#### The problem
Print the data below again in full, exactly as it stands, with no images.

Records contained in a dataset
^^^^

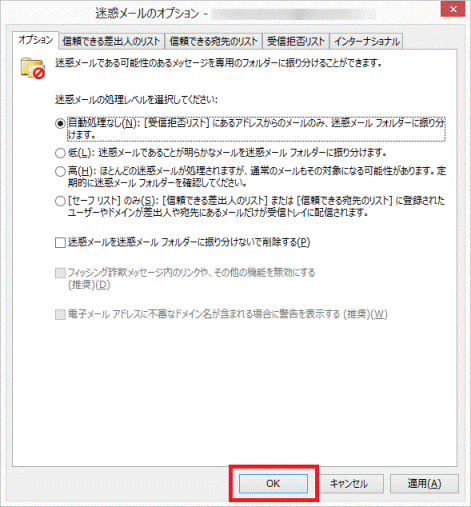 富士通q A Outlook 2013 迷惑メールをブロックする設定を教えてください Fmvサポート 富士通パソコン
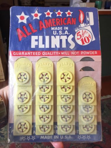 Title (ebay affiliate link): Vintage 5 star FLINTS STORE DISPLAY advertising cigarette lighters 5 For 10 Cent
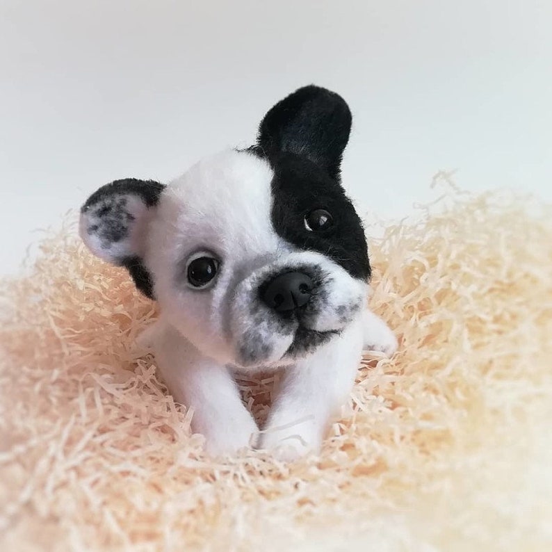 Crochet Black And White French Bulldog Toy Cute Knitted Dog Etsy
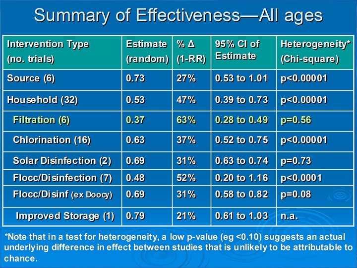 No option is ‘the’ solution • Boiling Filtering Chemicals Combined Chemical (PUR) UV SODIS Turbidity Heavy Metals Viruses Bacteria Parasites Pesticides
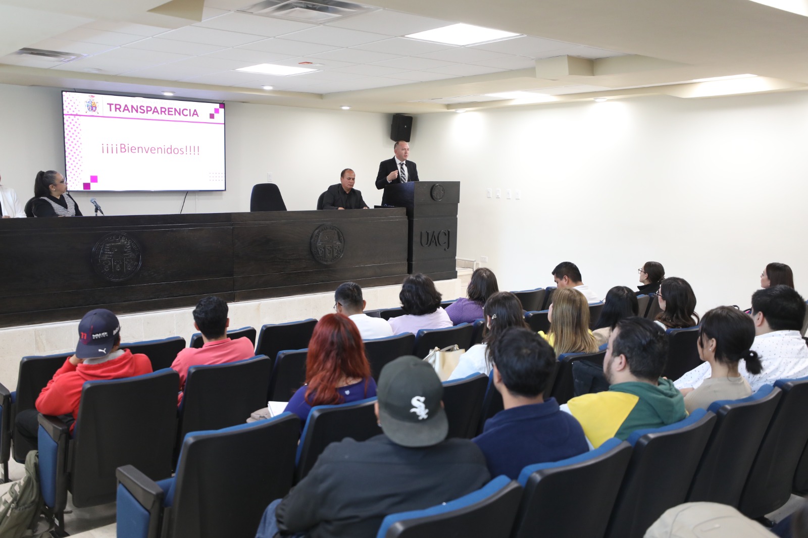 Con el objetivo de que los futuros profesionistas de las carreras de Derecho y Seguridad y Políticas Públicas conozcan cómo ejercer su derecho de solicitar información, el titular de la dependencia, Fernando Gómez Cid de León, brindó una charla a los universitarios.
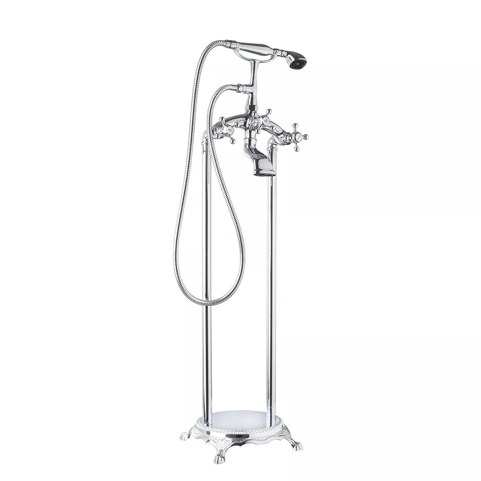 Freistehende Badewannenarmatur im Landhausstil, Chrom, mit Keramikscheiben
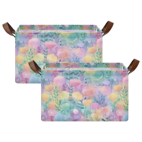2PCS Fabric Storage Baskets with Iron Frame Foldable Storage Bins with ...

^^^^

#### Answer section
 富士通q A Outlook 2013 迷惑メールをブロックする設定を教えてください Fmvサポート 富士通パソコン
 Title (ebay affiliate link): Vintage 5 star FLINTS STORE DISPLAY advertising cigarette lighters 5 For 10 Cent
 Crochet Black And White French Bulldog Toy Cute Knitted Dog Etsy
 No option is ‘the’ solution • Boiling Filtering Chemicals Combined Chemical (PUR) UV SODIS Turbidity Heavy Metals Viruses Bacteria Parasites Pesticides
 Con el objetivo de que los futuros profesionistas de las carreras de Derecho y Seguridad y Políticas Públicas conozcan cómo ejercer su derecho de solicitar información, el titular de la dependencia, Fernando Gómez Cid de León, brindó una charla a los universitarios.
 Freistehende Badewannenarmatur im Landhausstil, Chrom, mit Keramikscheiben
2PCS Fabric Storage Baskets with Iron Frame Foldable Storage Bins with ...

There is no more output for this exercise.